Many horror movies
Repeal-and-replace is back from the seeming-dead this week in the form of legislation drafted by Sens. Lindsey Graham of South Carolina and Bill Cassidy of Louisiana. Senate leaders will try to ram it through by Sept. 30 to avoid a Democratic filibuster. It would replace Medicaid expansion with block grants to states, cap traditional Medicaid funding and repeal individual insurance market subsidies.
Although a vote will come before the Congressional Budget Office can tally the bill’s effects, or damage, critics say it would deprive millions of health insurance coverage. It would weaken guarantees of coverage for people with pre-existing conditions — a hugely popular aspect of Obamacare — and eliminate requirements for young, healthy people to buy insurance, which would undermine the marketplace.
Indeed, health insurers say it would greatly destabilize insurance markets; one insurance association said it could roil markets so badly that it might prompt “government-controlled single-payer health care to grow.” This is from insurers who, unlike Sen. Bernie Sanders, believe single-payer would be a disastrous outcome. Eleven governors last week urged the Senate to reject the legislation, as did the American Medical Association, the American Hospital Association, AARP and the American Cancer Society.

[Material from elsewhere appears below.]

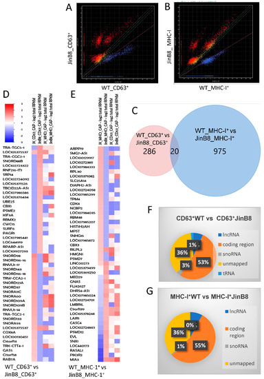 We previously reported the small RNA profiles of CD63+ and MHC-I+ EVs released from WT Jurkat T cells [13]. Small RNA seq analysis was used here to examine the CD47-dependence of the RNA transcripts in CD63+ and MHC-I+ EVs released from WT Jurkat and JinB8 T cells. Using alignment to the whole genome and analyzed as described earlier [13], 306 transcripts exhibited significant differential expression between CD63+ WT Jurkat and CD63+ JinB8 EVs (p < 0.05, Figure 2A), whereas 997 transcripts (995 mapped) exhibited differential expression between MHC-I+ WT Jurkat and JinB8 EVs (p < 0.05, Figure 2B). Remarkably, a Venn diagram analysis showed that only 20 CD47-dependent transcripts were shared between MHC-I+ and CD63+ EVs (Figure 2C). Many of the most CD47-dependent enriched or depleted transcripts in both EV types were noncoding RNAs (Figure 2D,E), although a global comparison revealed that a majority of the CD47-dependent transcripts represent protein coding mRNAs (Figure 2F,G).

Graham-Cassidy does a neat trick, in that it will shift funding from states that have expanded Medicaid, Vermont and New Hampshire among them, to those (think Red States) that have not. But Medicaid expansion is crucial in providing effective treatment for opioid addiction; it would be folly to backpedal now.
New Hampshire Gov. Chris Sununu hopped on board the Graham-Cassidy bus early last week, expressing enthusiasm for Medicaid block grants. He hopped off soon after when it became clear that the block grants and Medicaid cap would bring sharp cuts — $1 billion in Granite State Medicaid funding between 2020 and 2026, according to the New Hampshire Department of Health and Human Services. Vermont likewise would fare poorly: The Kaiser Family Foundation says its federal funding would drop 31 percent from 2020 to 2026. It estimates that nationally, federal funding under block grants would be a reduction of more than $100 billion in that same period.
We remain perplexed by why Republicans wish to pursue policies that would harm millions of Americans — and American voters. Its right-wing base demands action after years of being fed slander about Obamacare, and pundits claim big donors are insisting on crippling it, undoubtedly a major motivation. Meanwhile, we think the public, if not yet entirely embracing the idea of health care as a right, has come to see the great good in making affordable coverage available to more and more of their fellow citizens. They see the alternative as cruel, and they are not wrong.
On Friday afternoon, Arizona Sen. John McCain announced he could not in good conscience support Graham-Cassidy, which observers said likely dooms it to failure. Let’s hope they are right, but we will not prematurely declare it finished. The Republican leadership never reaches the final stage of grief — acceptance — not with anything regarding Obamacare.